7 EXPOSURE INCIDENT An exposure incident may involve the eyes, mouth or other mucous membrane, non-intact skin, parental contact with blood or other potentially infectious materials or body fluids that results during the performance of an employee's work. Notification Employees must immediately report exposure incidents to their supervisors to enable timely medical evaluation and follow-up by a health care professional. Each exposure incident must also be reported to the Safety Director as quickly as possible. Post-Exposure Follow-up Following post-exposure evaluation, the health care professional should provide a written opinion to Riley. This opinion should be limited to a statement that the employee has been informed of the results of the evaluation and told of the need, if any, for further treatment. DECONTAMINATION Equipment and other surfaces, which have been contaminated with blood or other body fluids, must be decontaminated. Equipment and surfaces should be initially washed with a 10 percent bleach/water solution, then rinsed with clear water until all visible blood and body fluids has been cleaned up. The water generated during the decontamination can be disposed in the sanitary sewer or absorbed on paper towels for disposal. All solid waste generated should be added to the "Red Bio-Hazard Bag" waste stream. All cleaning shall be contracted out. This will help control potential exposures to Riley employees.

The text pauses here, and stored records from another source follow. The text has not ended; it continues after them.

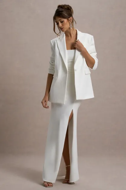 White Plunge-Neck Boxy Oversized Blazer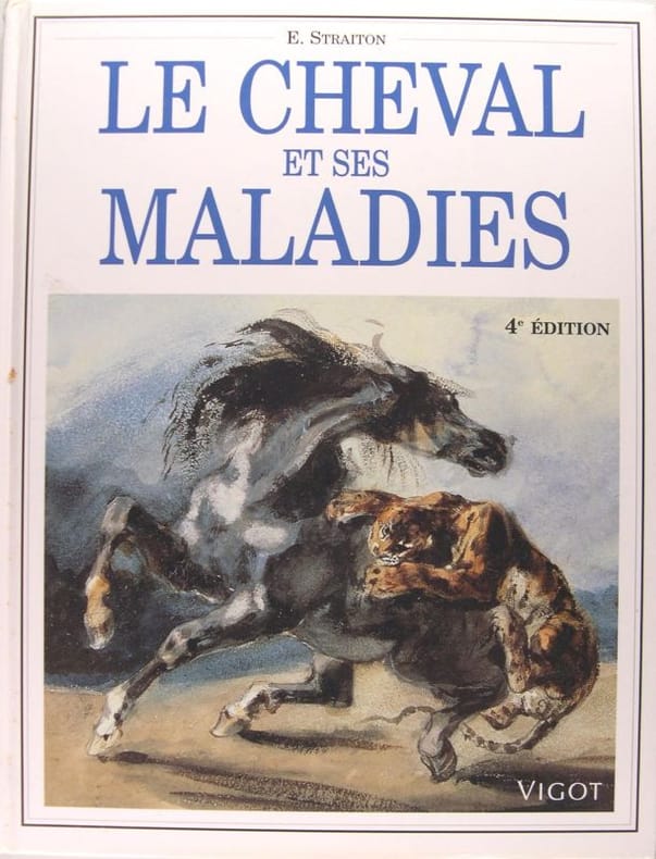 300 photographies dans le texte en noir et blanc 1ere traduction en français Contents, Chapitres : Avertissement du colonel Alois Podhajsky - Préface de l'auteur - Généralités (La reproduction - Le poulinage - Métrite équine - Les maladies du poulain - Le rachitisme - La castration - Le cheval cryptorchide - La jument nymphomane - Méthodes simples de contention - La trousse d'urgence - Les blessures - L'hémorragie - Lésions consécutives à de mauvais aplombs - Les vices d'écurie - Les blessures de la selle et des sangles - Alimentation) - Maladies et affections du cheval - La tête - Le thorax - L'abdomen - Les membres - Le pied - Appendice sur les principales substances toxiques et plantes vénéneuses pour le cheval - Index cartonnage à peine jauni, sinon tres bon état, intérieur frais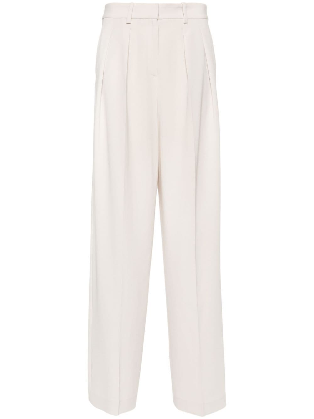 ecru crepe texture high waist belt loops two diagonal pockets to the sides pleat detailing wide leg rear button-fastening pocket concealed front button, hook and zip fastening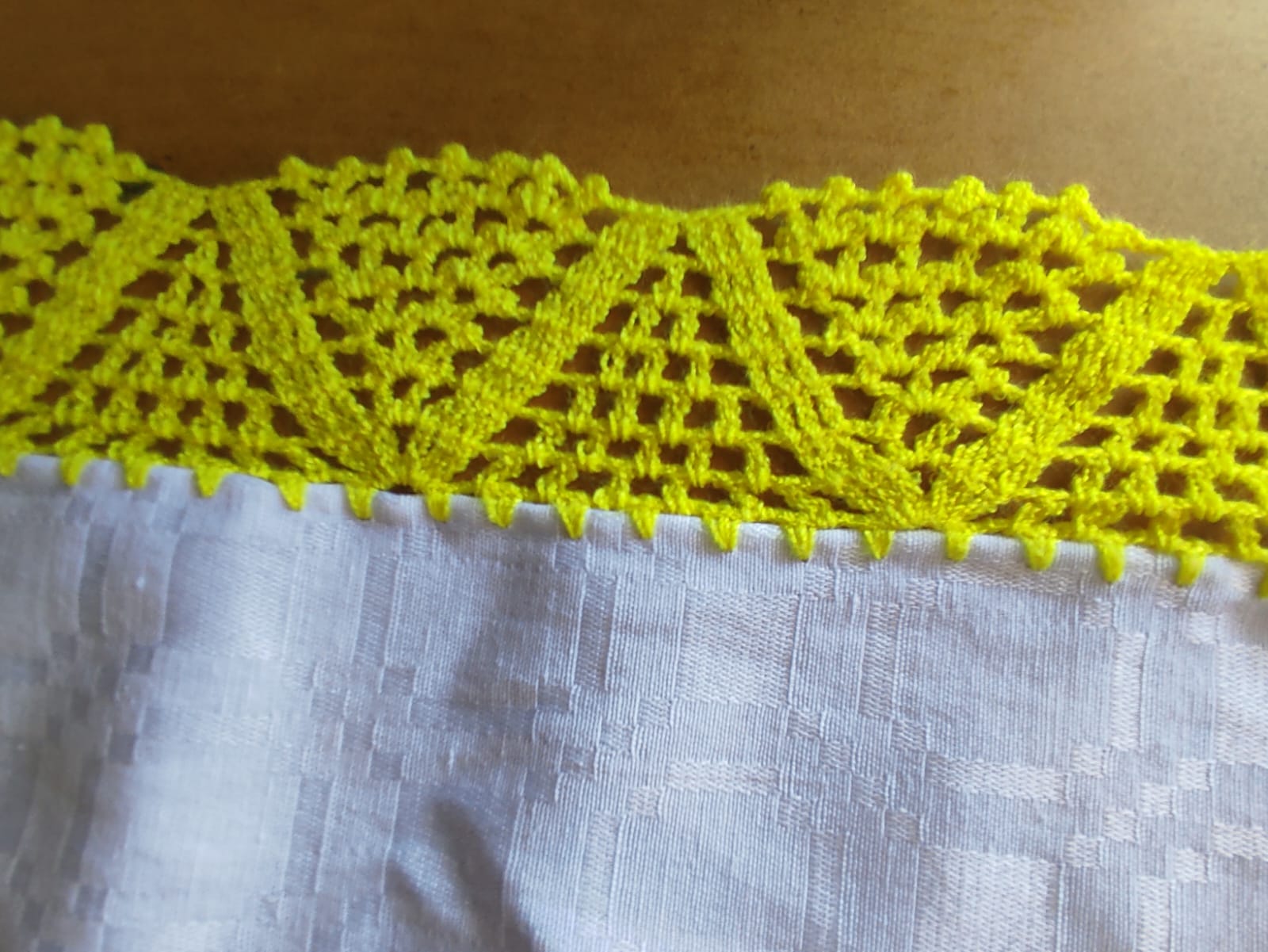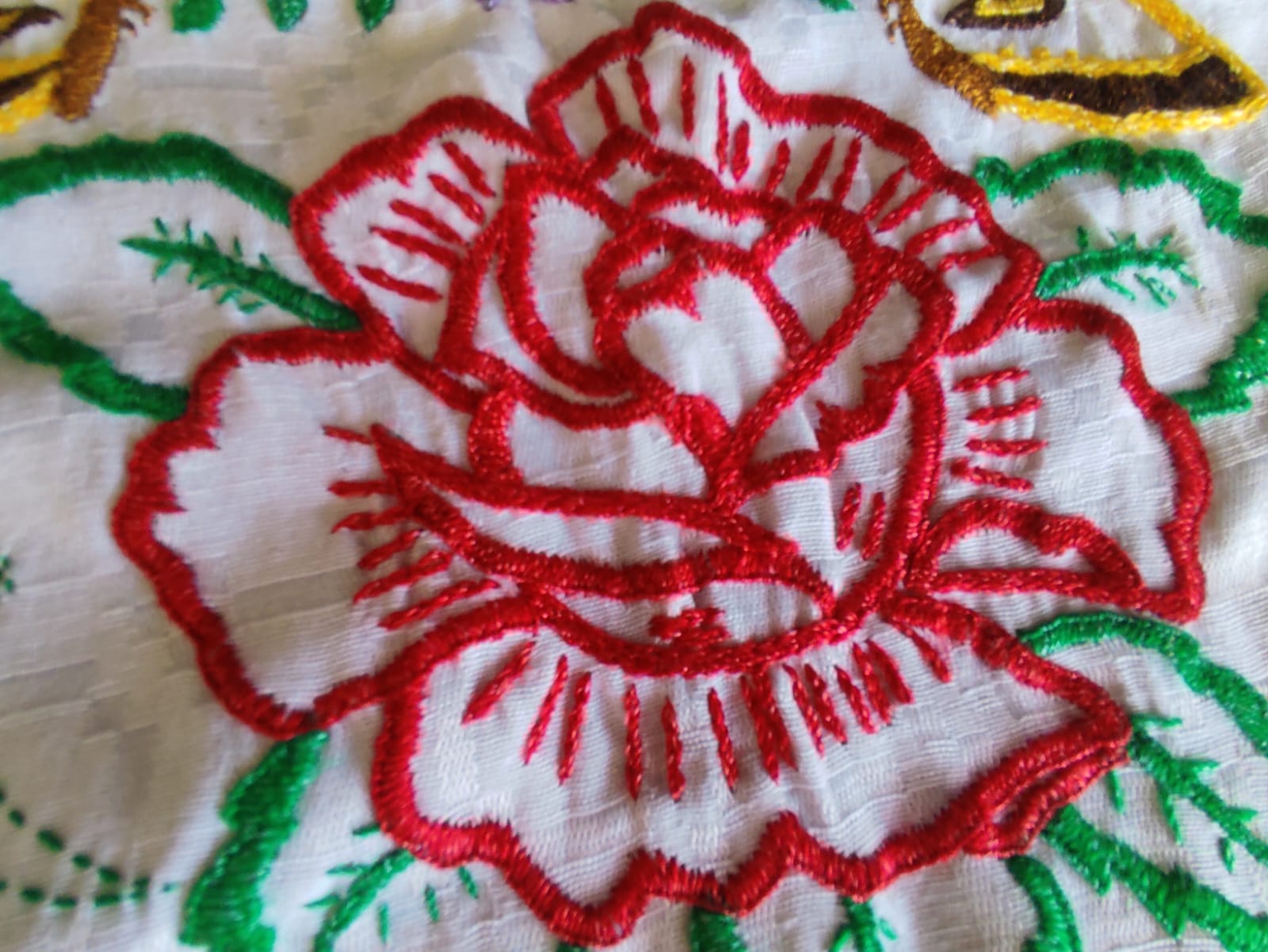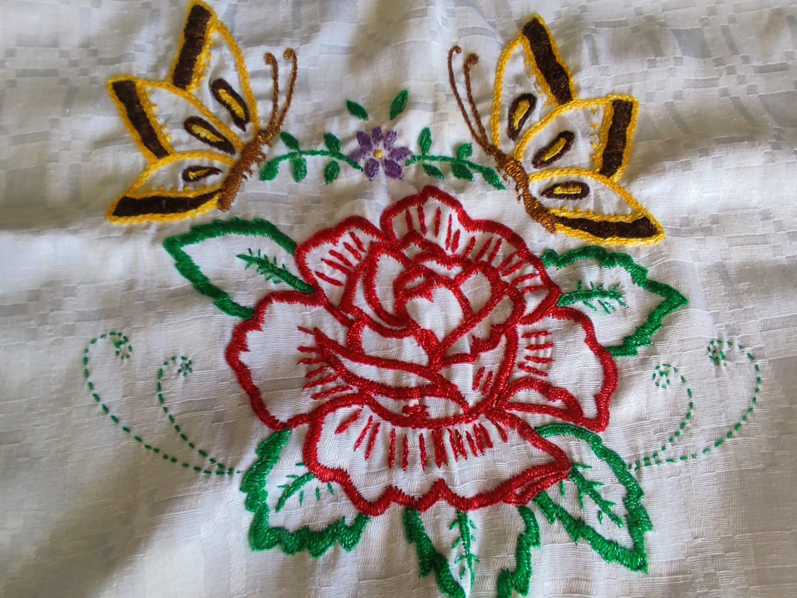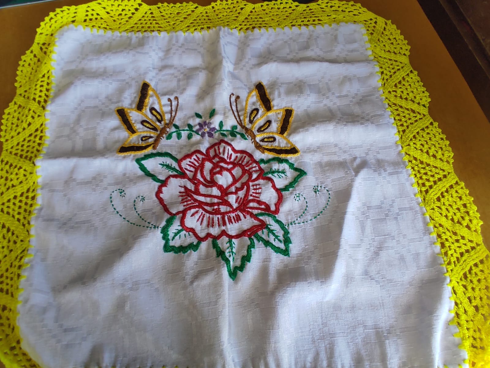 Estampado de mariposa color amarillo con detalles cafe, en el centro lleva una rosa de color rojo y detalles verdes en las hojas, la orilla esta bordad de color amarillo como un aproximado de 6 centimetro.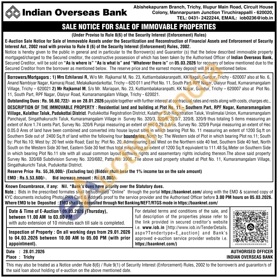 Pudukkottai Registration District, Kulathur Sub Registration Taluk, Viralimalai Union, Kumaramangalam Panchayat, Singathakuruchi Taluk, Kumaramangalam Village in Survey No. 320/3, 320/6, 320/7, 320/8, 320/9 thus totaling 5 items measuring an extent of Acre 1.74 cents Part, Survey No. 320/6 Punjai measuring an extent of Hec 0.29.0 Ares, Survey No. 320/9 Punjai measuring an extent of Hec 0.05.0 Ares of land have been combined and converted into house layout sites in which bearing Plot No. 11 measuring an extent of 1200 Sq.ft on Southern Side out of 2400 Sq.ft of land within the following four boundaries: North by: The Western side of Plot in which bearing Plot no.11; South by: Plot No.10; West by: 20 feet wide Road; East by: Plot No. 20, Admeasuring East West on the Northern side 40 feet, Southern Side 40 feet, North South on the Western Side 30 feet, Eastern Side 30 feet thus total measuring an extent of 1200 Sq.ft equivalent to 111.48 Sq.Meter on Southern Side in which bearing Plot No.11 site with all usual common layout pathway rights and easementary rights including thereon. The above said property Survey No. 320/6B Subdivision Survey No. 320/6B2, Patta No. 3906. The above said property situated at Plot No. 11, Kumaramangalam Village, Singathakurichi Taluk, Pudukottai District.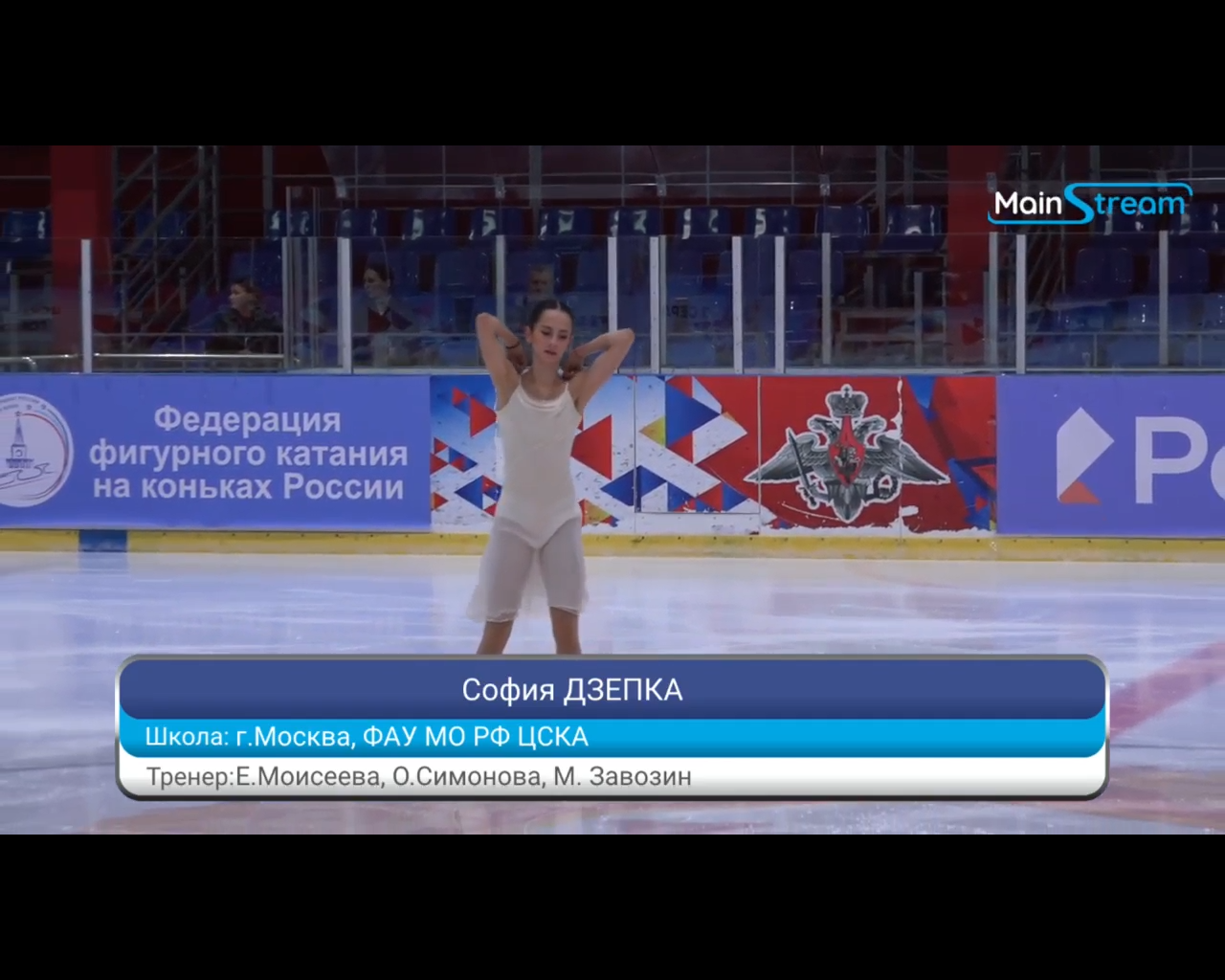 София Александровна ДЗЕПКА, Моисеева, Симонова, Завозин ФАУ МО РФ ЦСКА в ночнушке 3r 2a стоит в центре катка 3z3t на грани q stsq4

EXPOSURE INCIDENT INVESTIGATION In an effort to ensure that we can take the proper steps to prevent exposure incidents, it will be the responsibility of the Safety Director to investigate each exposure incident as quickly as possible after being made aware of the incident. This investigation should contain the following information: The date and time the exposure incident occurred The exact location within the facility or job site the incident occurred What potentially infectious materials were involved in the incident What is the source of the potentially infectious material What activity was being performed when the incident occurred Details of exactly how the incident was caused; The personal protective equipment being used at the time of the incident; The actions taken as a result of the incident; and Documentation of the disposal of waste products

8 After this information is gathered and evaluated, a written summary of the incident should be prepared. This report should include recommendations to ensure that we avoid similar incidents in the future. Exemption There is one exemption to the Bloodborne Pathogen regulation, that is a "Good Samaritan act performed by an employee who would not normally be expected to encounter human blood or other potentially infectious materials in his or her job. RECORDKEEPING There are two types of records required by the bloodborne pathogen standard: Medical Records: A medical record must be established for each employee with occupational exposure. This record must be maintained as a confidential medical record and separate from other personnel records. This record may be kept on site or retained by the health care professional that provides services to the employee. This medical record must contain the employee's name, social security number, hepatitis B vaccination status, and a written opinion by the health care professional. Medical records of exposure must be maintained for a period of 30 years following the employee's last date of employment. Training Records: Training records, which document each training session, must be maintained for a period of at least 3 years. These records must include the date, content, outline, trainer's name and qualifications, and the names and job titles of all persons attending the training sessions.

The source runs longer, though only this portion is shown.